Exercise >>
Somewhere below, one line contains "达莎在Ins上拥有超过640" and a later line contains "广东省考,一车厢6个铺,一聊天,4个都是山东去广东考试的。". Output those two lines and everything between them exactly, and nothing else.

Information >>
━━━

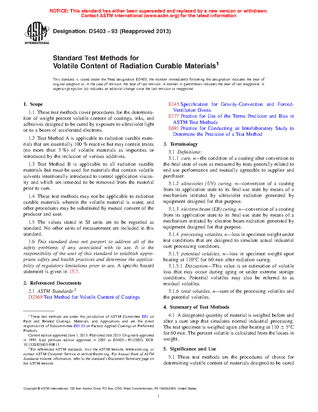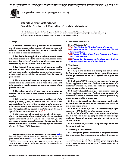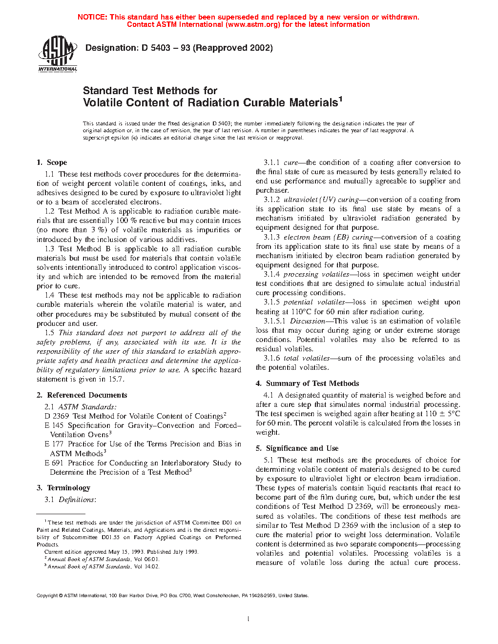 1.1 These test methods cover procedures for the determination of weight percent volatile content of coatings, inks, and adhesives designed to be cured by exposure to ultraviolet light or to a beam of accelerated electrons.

━━━

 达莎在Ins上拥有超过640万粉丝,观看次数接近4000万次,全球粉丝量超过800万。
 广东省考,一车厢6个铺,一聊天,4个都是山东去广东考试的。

━━━

Result of the exercise >>
 达莎在Ins上拥有超过640万粉丝,观看次数接近4000万次,全球粉丝量超过800万。
 广东省考,一车厢6个铺,一聊天,4个都是山东去广东考试的。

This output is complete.